Liguria. Dopo due anni e mezzo dalla tragedia del ponte Morandi, l’inchiesta della magistratura genovese fa un passo avanti determinante (leggi qui), suscitando l’indignazione del Comitato delle vittime (leggi qui).
Non c’è molto da aggiungere: la tragedia avrebbe potuto e dovuto essere evitata, dal 1993 non furono eseguiti i necessari e doverosi lavori di manutenzione, tra l’altro previsti e indicati proprio da Morandi, il progettista del ponte, lavori che avrebbero evitato che la corrosione del tirante della pila 9 provocasse il crollo.

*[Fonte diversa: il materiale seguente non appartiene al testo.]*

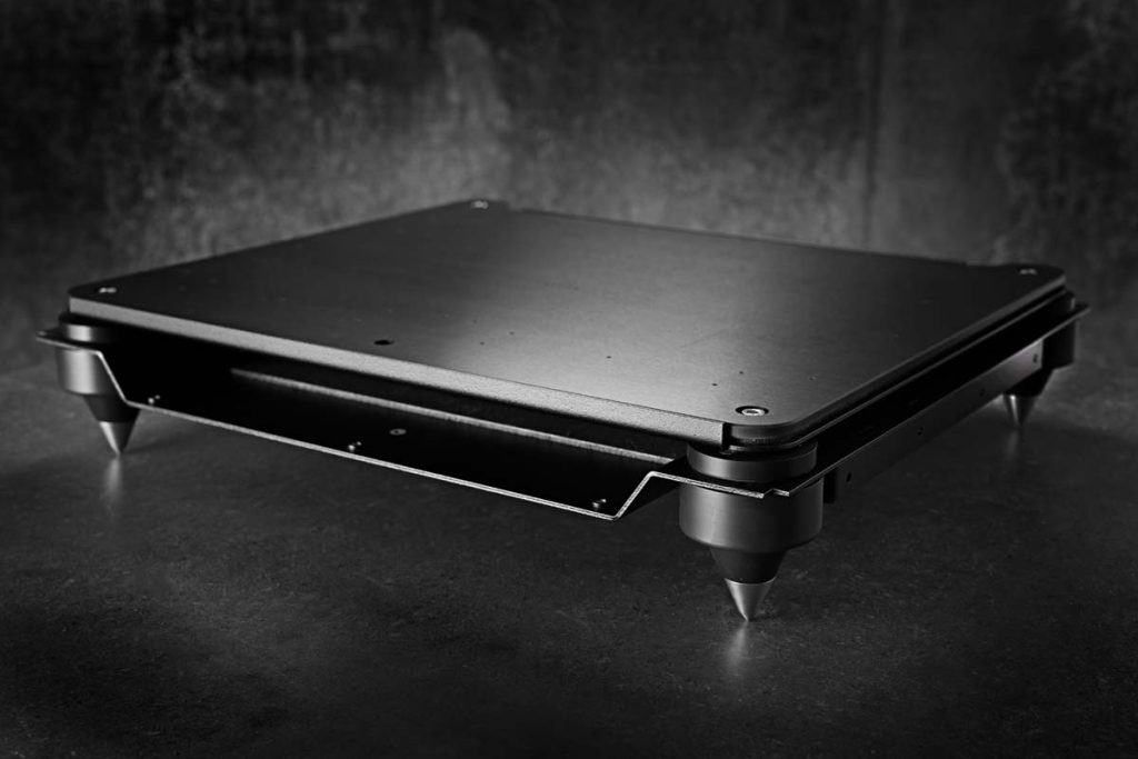 Die weitgehende Verwendung von Aluminium-Gehäusekomponenten sorgt für ein äußerst stabiles, resonanzarmes Gehäuse. Es minimiert sowohl mechanische als auch elektrische Beeinträchtigungen und schafft optimale Arbeitsbedingungen für die Schaltkreise des Commander. Einzigartig beim Commander ist die schichtgedämpfte Bodenplatte – ein “Sandwich” aus drei einzelnen Schichten Kerrock®, Bitumen und Edelstahl – das Resonanzen auf ein absolutes Minimum reduziert. Alle Verstärker- und analogen Stromversorgungsplatinen schweben oberhalb dieser Bodenplatte auf speziell entwickelten Isolatoren. Diese Konstruktion stellt eine unverfälschte, nahezu vibrationsfreie Umgebung für die empfindlichen Schaltkreise des Commander sicher.

I dirigenti di Autostrade hanno invece perseguito il profitto dell’azienda e il loro potere personale, un atteggiamento di cui risponderanno, speriamo presto, di fronte alla Giustizia esercitata nel nome del Popolo Italiano.
Il resto fa parte della tragica comicità della nostra politica, con tutti a gridare – dal giorno del crollo all’inizio dei lavori fino all’inaugurazione del nuovo ponte – basta con i Benetton e collegati vari, bisogna togliere loro la concessione.
Invece non è così, la concessione è ancora di Autostrade e dovremo persino pagare (lo Stato, intendiamo) per togliergliela, in un frullatore di malafede e, cosa ancor più grave, di incompetenza.
Ma oggi è giusto riflettere ed essere soddisfatti per il passo avanti dell’inchiesta, magari lenta ma nel tentativo di ancorare prove certe in vista del processo, lasciando meno spazio possibile ai cavilli delle difesa.
Un passo avanti verso quella verità che conoscevano tutti ma che, in un Paese democratico come il nostro, garantisce giusti diritti anche davanti alla vergogna di chi è accusato di aver provocato la morte di 43 persone e messo in ginocchio l’economia di un’intera regione.